Age: age of the patient [years]
Sex: sex of the patient [M: Male, F: Female]
ChestPainType: chest pain type [TA: Typical Angina, ATA: Atypical Angina, NAP: Non-Anginal Pain, ASY: Asymptomatic]
RestingBP: resting blood pressure [mm Hg]
Cholesterol: serum cholesterol [mm/dl]
FastingBS: fasting blood sugar [1: if FastingBS > 120 mg/dl, 0: otherwise]
RestingECG: resting electrocardiogram results [Normal: Normal, ST: having ST-T wave abnormality (T wave inversions and/or ST elevation or depression of > 0.05 mV), LVH: showing probable or definite left ventricular hypertrophy by Estes’ criteria]
MaxHR: maximum heart rate achieved [Numeric value between 60 and 202]
ExerciseAngina: exercise-induced angina [Y: Yes, N: No]
Oldpeak: oldpeak = ST [Numeric value measured in depression]
ST_Slope: the slope of the peak exercise ST segment [Up: upsloping, Flat: flat, Down: downsloping]
HeartDisease: output class [1: heart disease, 0: Normal]
We split the dataset by allocating 70% of the dataset to the training set and 30% to the test set. The training set will be used to build models and the evaluation set will be used to evaluate the performance of the models.

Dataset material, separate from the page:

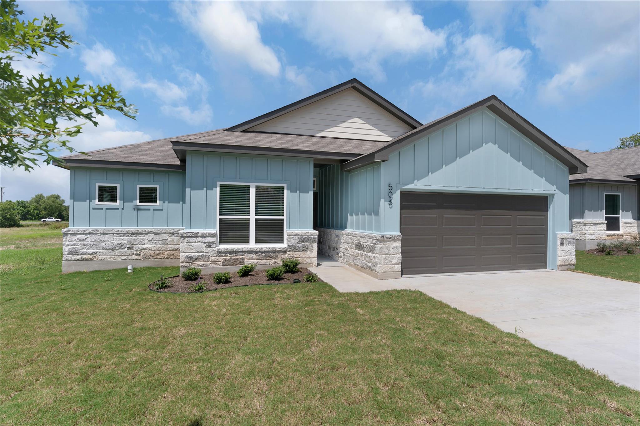 ZERO DOWN THRU USDA New Construction 100% complete Large open DIne and Living Center Island in Kit Stainless Appliances , large master bed room dbl vanity in master bath bath .walk in shower with bench with large walk in closet. Large ope living area Carpet and Luxury Vinyl Plank. Garage door opener Sprinkler system Front and side full sod back 20 ft out

This dataset contain 918 observations and 12 variables. There are 6 integer variables, 5 character variables, and 1 numeric variable.
The response variable will be the HeartDisease and the rest of 11 variables are all predictors.
## 'data.frame': 918 obs. of 12 variables:
## $ Age : int 40 49 37 48 54 39 45 54 37 48 ...
## $ Sex : chr "M" "F" "M" "F" ...
## $ ChestPainType : chr "ATA" "NAP" "ATA" "ASY" ...
## $ RestingBP : int 140 160 130 138 150 120 130 110 140 120 ...
## $ Cholesterol : int 289 180 283 214 195 339 237 208 207 284 ...
## $ FastingBS : int 0 0 0 0 0 0 0 0 0 0 ...
## $ RestingECG : chr "Normal" "Normal" "ST" "Normal" ...
## $ MaxHR : int 172 156 98 108 122 170 170 142 130 120 ...
## $ ExerciseAngina: chr "N" "N" "N" "Y" ...
## $ Oldpeak : num 0 1 0 1.5 0 0 0 0 1.5 0 ...
## $ ST_Slope : chr "Up" "Flat" "Up" "Flat" ...
## $ HeartDisease : int 0 1 0 1 0 0 0 0 1 0 ...
Below we’ll display a few basic EDA techniques to gain insight into our heart failure dataset.
We can see from quite a few of variables are high variance and skewed. Also, there are no missing data in this dataset.
## vars n mean sd median trimmed mad min max range skew
## Age 1 918 53.51 9.43 54.0 53.71 10.38 28.0 77.0 49.0 -0.20
## RestingBP 2 918 132.40 18.51 130.0 131.50 14.83 0.0 200.0 200.0 0.18
## Cholesterol 3 918 198.80 109.38 223.0 204.41 68.20 0.0 603.0 603.0 -0.61
## FastingBS 4 918 0.23 0.42 0.0 0.17 0.00 0.0 1.0 1.0 1.26
## MaxHR 5 918 136.81 25.46 138.0 137.23 26.69 60.0 202.0 142.0 -0.14
## Oldpeak 6 918 0.89 1.07 0.6 0.74 0.89 -2.6 6.2 8.8 1.02
## HeartDisease 7 918 0.55 0.50 1.0 0.57 0.00 0.0 1.0 1.0 -0.21
## kurtosis se
## Age -0.40 0.31
## RestingBP 3.23 0.61
## Cholesterol 0.10 3.61
## FastingBS -0.41 0.01
## MaxHR -0.46 0.84
## Oldpeak 1.18 0.04
## HeartDisease -1.96 0.02
From below histogram and density plots, we notice that there are some zero values for Cholesterol variable. As Cholesterol measurement cannot be zero, we may need to want to consider replace with mean or median or impute the zeros.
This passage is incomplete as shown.